**Exercise directions**
There are pictures in the records below; leave them out and set down exactly the lines from the one holding "The Creditor listing" through the one holding "3 längder puderrosa".

**Source material**

______________________________

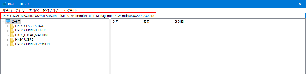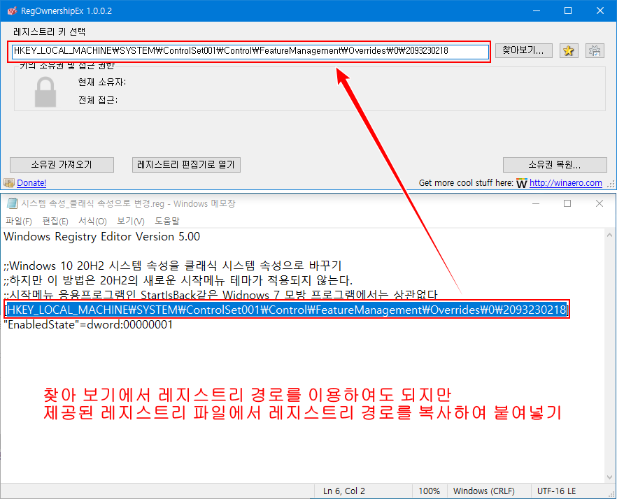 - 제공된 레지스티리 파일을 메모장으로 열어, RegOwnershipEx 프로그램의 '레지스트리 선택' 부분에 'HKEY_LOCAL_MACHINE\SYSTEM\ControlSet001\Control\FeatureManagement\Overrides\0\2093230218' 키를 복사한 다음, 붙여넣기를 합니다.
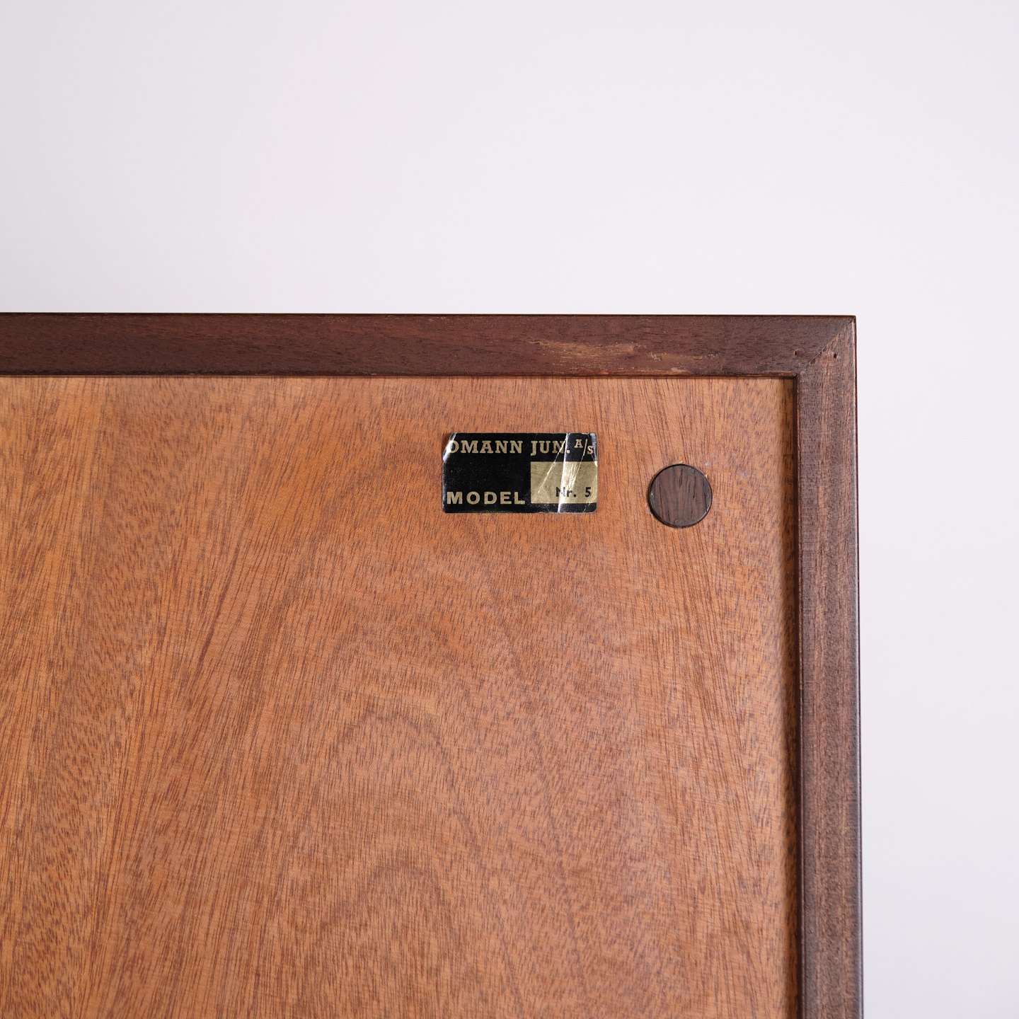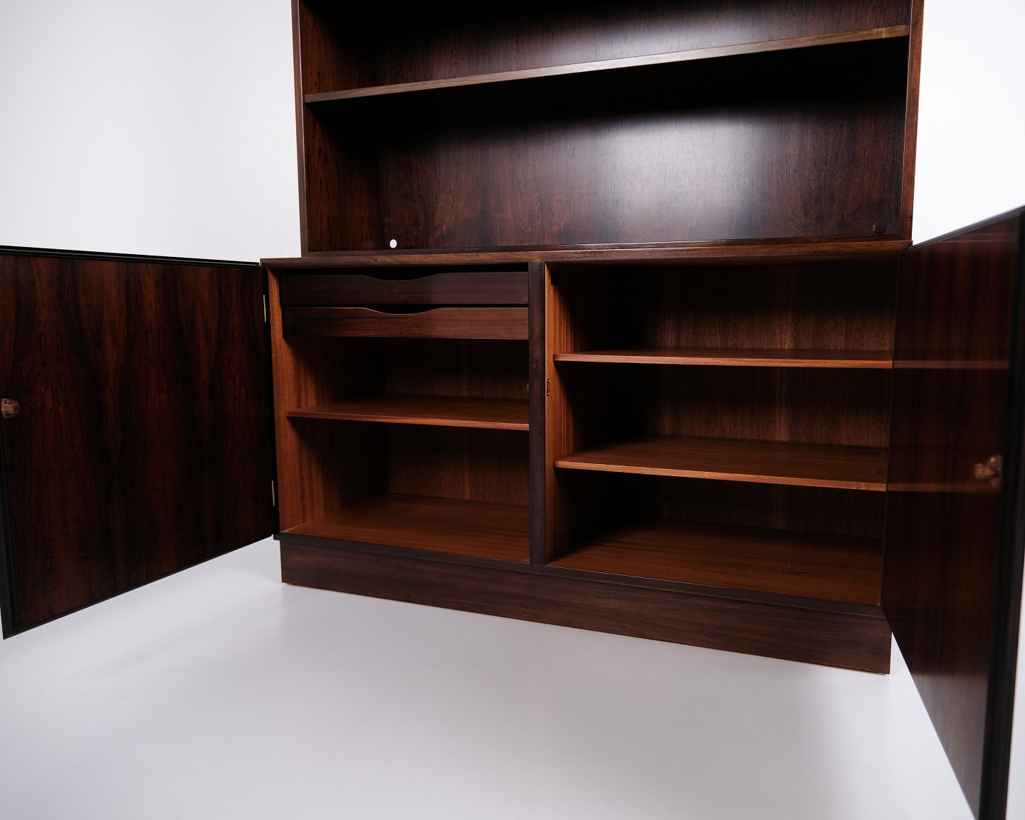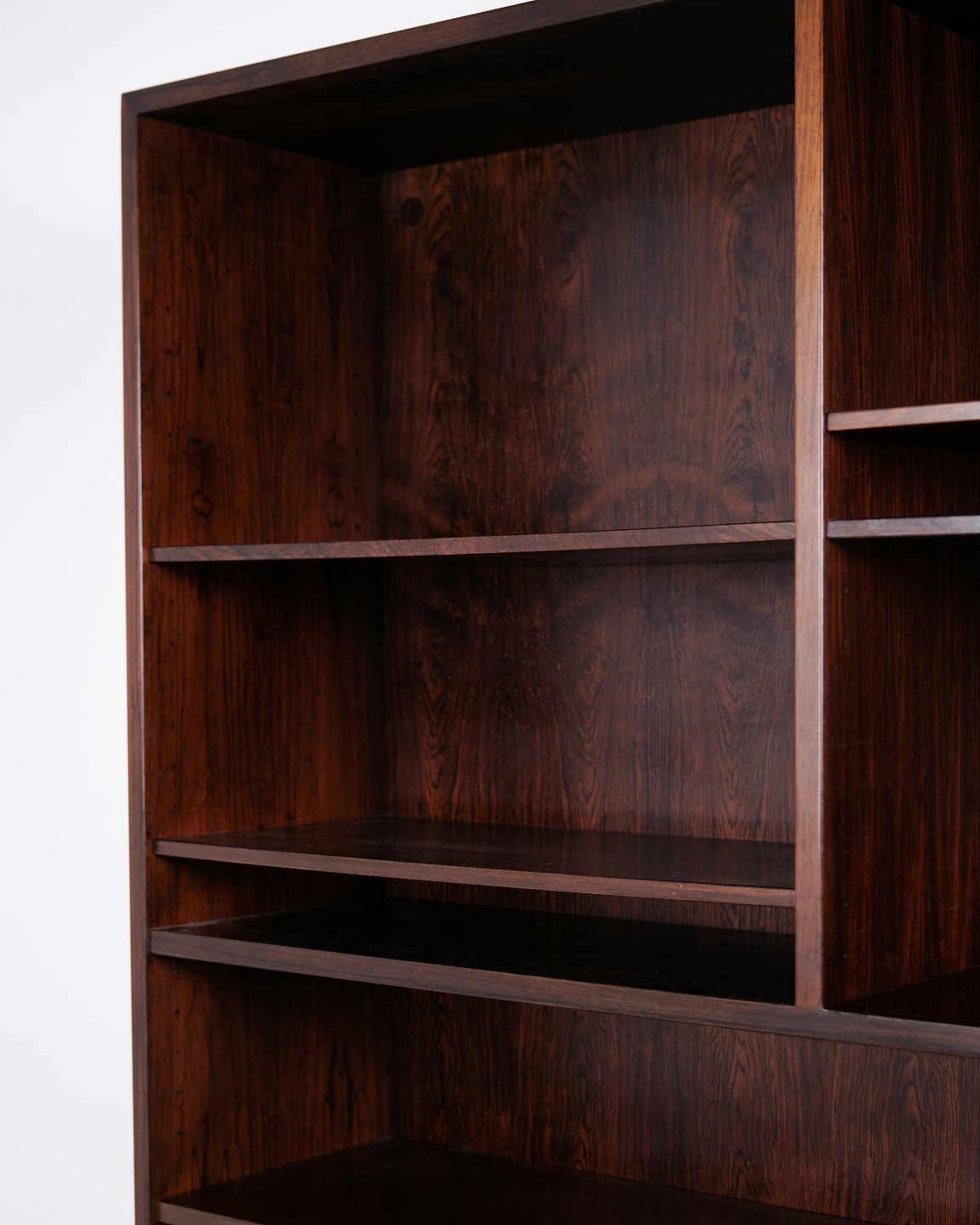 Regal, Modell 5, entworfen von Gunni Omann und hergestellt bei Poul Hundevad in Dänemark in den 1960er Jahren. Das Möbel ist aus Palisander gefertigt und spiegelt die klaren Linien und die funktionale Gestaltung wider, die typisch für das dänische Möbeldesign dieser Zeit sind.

______________________________

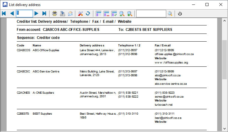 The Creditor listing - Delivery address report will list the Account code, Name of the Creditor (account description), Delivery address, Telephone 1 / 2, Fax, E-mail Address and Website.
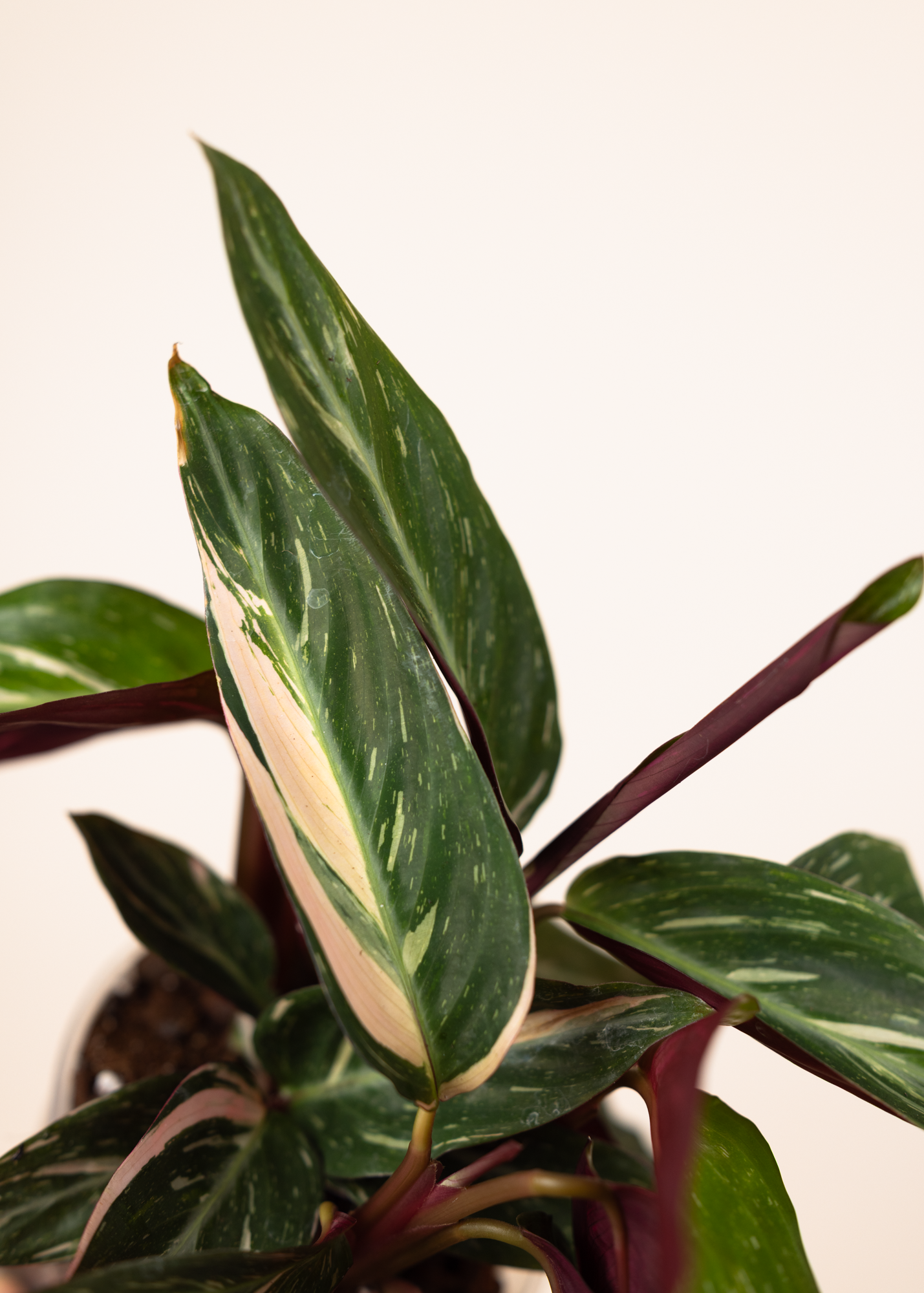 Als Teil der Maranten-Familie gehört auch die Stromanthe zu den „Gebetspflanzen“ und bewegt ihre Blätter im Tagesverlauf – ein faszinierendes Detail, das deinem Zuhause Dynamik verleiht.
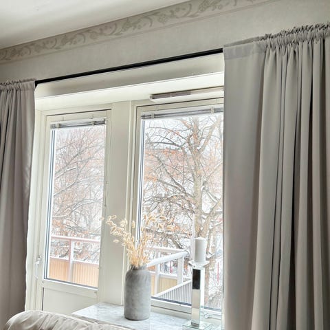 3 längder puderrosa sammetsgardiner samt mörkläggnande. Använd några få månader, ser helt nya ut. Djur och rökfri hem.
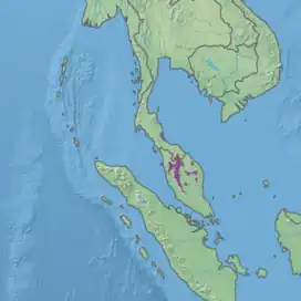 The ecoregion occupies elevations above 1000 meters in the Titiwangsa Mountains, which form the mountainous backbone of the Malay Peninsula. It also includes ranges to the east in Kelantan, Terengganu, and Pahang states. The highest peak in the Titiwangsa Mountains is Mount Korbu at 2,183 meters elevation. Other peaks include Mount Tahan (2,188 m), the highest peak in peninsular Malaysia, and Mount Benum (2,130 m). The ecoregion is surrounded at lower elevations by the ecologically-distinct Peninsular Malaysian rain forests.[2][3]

______________________________

**Expected answer**
 The Creditor listing - Delivery address report will list the Account code, Name of the Creditor (account description), Delivery address, Telephone 1 / 2, Fax, E-mail Address and Website.
 Als Teil der Maranten-Familie gehört auch die Stromanthe zu den „Gebetspflanzen“ und bewegt ihre Blätter im Tagesverlauf – ein faszinierendes Detail, das deinem Zuhause Dynamik verleiht.
 3 längder puderrosa sammetsgardiner samt mörkläggnande. Använd några få månader, ser helt nya ut. Djur och rökfri hem.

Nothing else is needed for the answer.